We mix explicable systems (mechanistic systems which we understand and about which we can make precise, accurate and reliable predictions), inexplicable systems (complex systems which we understand in outline but not mechanistically and about which we can not make precise, accurate and reliable forecasts), and random systems (systems about which we have little or no understanding).

Contemporarily inexplicable and random systems, through research and analysis, can yield information that moves them into the explicable systems column. Think about the movement of planets and stars - once inexplicable but now largely explicable.

Inexplicable and random systems are subject to fruitful speculation and conjecture without yet being explicable. Root cause analysis is an invaluable tool with explicable systems. The problem is that it is inherently less reliable when applied to inexplicable and random systems.

You can speculate about how an inexplicable system generates a given outcome and then seemingly apply root cause analysis based on those predicate assumptions and demonstrate that the root cause analysis is consistent with the speculation. But that is essentially a tautological exercise. More precisely, however, all such an exercise does is increase the plausibility of the speculation (if it is indeed consistent with the hypothesis). It cannot, without explicability and replication, actually provide an affirmation. Alternate speculations can simultaneously be equally plausible.

The challenge is to disentangle what type of system with which we are dealing. If it is explicable, then it is possible to speak with authority and confidence.

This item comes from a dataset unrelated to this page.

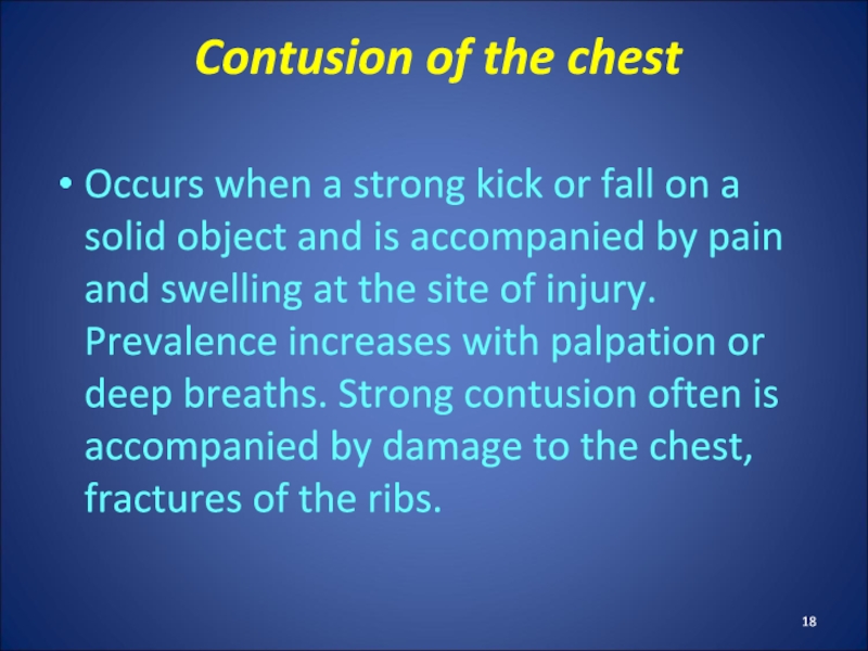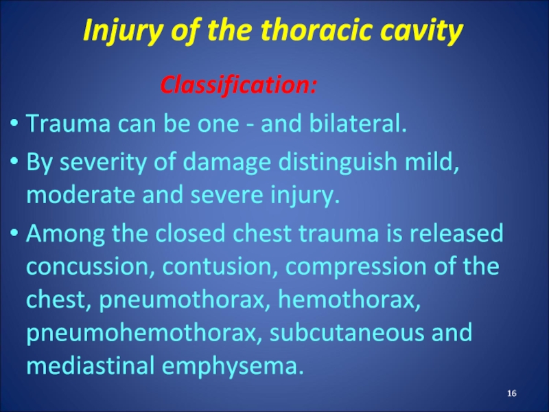 Слайд 16Injury of the thoracic cavity

Most outcomes are the result of inexplicable and random systems. In that case, we can speak with some rationality about plausibility but we cannot speak with authority.

It seems to me that too often, in public discourse, we are blind to these distinctions. Opinions are offered as facts based on a primal/emotional belief in one class of speculation over another.

One question sorts the wheat from the chaff - Is the system reliably explicable? If yes, then great, it is just a matter of making sure the data is correct and the right functions have been performed. Checking the math as it were.

If the answer is no, the system is inexplicable or random, then all conclusions can be usefully parked as speculative.